Вдова ожидала их на тротуаре около невзрачного дома.
– Боже мой, какое платье! – прошептала Атенаис, прикрывая ладонью рот. – Юбка совсем вытерта.
– Почему же вы ничего не сказали мне? – спросила Анжелика. – Я подыскала бы что-нибудь для нее.
– Да, конечно, я как-то упустила это из виду. Франсуаза, садитесь же!
Молодая женщина грациозно поклонилась всем и села в уголок. У нее были красивые карие глаза, затенявшиеся длинными, чуть подкрашенными сиреневой краской ресницами. Уроженка Ниора, она жила в Америке, но, оставшись сиротой, вернулась во Францию.
Наконец, они без труда добрались до прямой и чистой улицы Сент-Антуан, где было уже не так многолюдно. Экипажи стояли на соседних улочках. Отель де Бове гудел словно улей. Над балконом в центре фасада был натянут малиновый бархатный балдахин, обшитый золотым и серебряным позументом и бахромой. Фасад был украшен персидскими коврами.
На пороге разодетая одноглазая старая дама, похожая на святые мощи в раке, подбоченившись, покрикивала на рабочих, которые развешивали ковры.
– А это что за мегера? – спросила Анжелика, когда они шли к отелю.
Ортанс сделала ей знак молчать, а Анжелика, прикрывшись веером, прыснула.
– Это, милая моя, хозяйка дома Катрин де Бове, по прозвищу Кривая Като. Она была камеристкой Анны Австрийской, и когда нашему юному королю пошел пятнадцатый год, королева поручила ей просветить его. Вот где кроется секрет ее богатства.
Анжелика не смогла удержаться от смеха.
– Надо полагать, ее опытность возместила отсутствие красоты.
– Пословица гласит, что для юношей и монахов нет уродливых женщин, – добавил молодой Мортемар.
Но несмотря на насмешки, все они почтительно поклонились бывшей камеристке.
Она пристально оглядела их своим единственным глазом.

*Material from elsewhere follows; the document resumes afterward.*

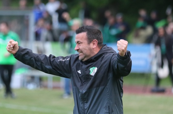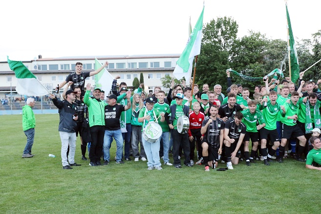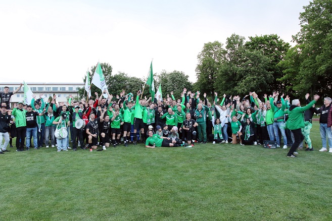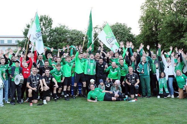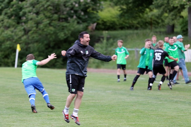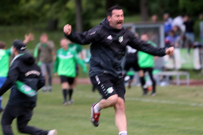 Und der sich nochmal daran erinnert, dass er vor erst drei Jahren in Büchold zusagte, als das Team noch in der A-Klasse spielte. Am Bezirksligator anzuklopfen, das ist an sich unfassbar. „Sowas hab´ ich noch nie erlebt…!“, das sagte Wolf aber schon im letzten November, als seine Mannschaft in Unterpiesheim durch Fabian Schneider in der 101. (!) Minute das Siegtor zum 2:1 erzielte. Heute weiß man: Ohne dem wäre das, was sich in Grettstadt nun ereignete, nicht passiert. Die Grundlage für eine Riesenfeier der grün-weißen Dorfbomber noch auf dem Platz und später nach der Heimkehr im Bücholder Sportheim. Ob das noch steht?

– А, пуатьевенцы. Ну, ягнятки мои, не мешайте мне. Залезайте-ка побыстрее наверх, пока мои служанки не заняли лучшие места. А это кто такая? – она ткнула своим скрюченным пальцем в сторону Анжелики.

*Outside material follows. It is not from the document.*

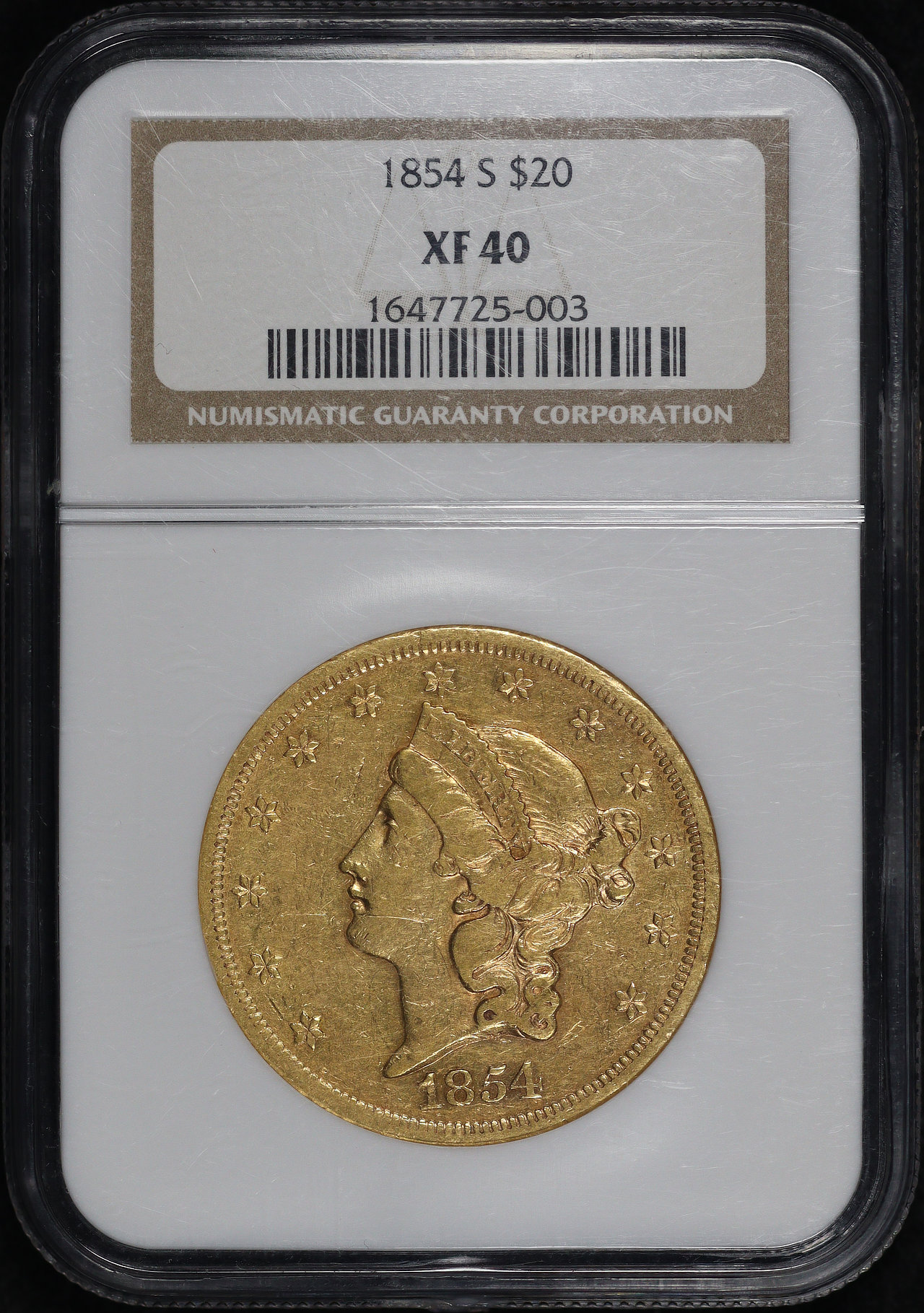1854-S Liberty Head $20 Type 1 NGC XF-40.

– Моя подруга, графиня де Пейрак де Моран, – представила Анжелику Атенаис.
– Так-так! – проговорила старая дама и как-то странно хихикнула.
– Уверена, она что-то знает о тебе, – шепнула сестре Ортанс, когда они поднимались по лестнице. – Мы наивны, воображая, что дело не получит скандальной огласки. Я не должна была брать тебя с собой. Тебе лучше вернуться домой.
– Ладно, только отдай мое платье, – сказала Анжелика, протянув руку к корсажу сестры.
– Утихомирься, дура, – ответила Ортанс, отталкивая ее.
Атенаис де Тонне-Шарант приступом взяла окно в одной из комнат для слуг и устроилась около него вместе с Анжеликой и Франсуазой Скаррон.
– Отсюда чудесно все видно, – воскликнула она. – Смотрите, вон Сент-Антуанские ворота, через которые въедет король.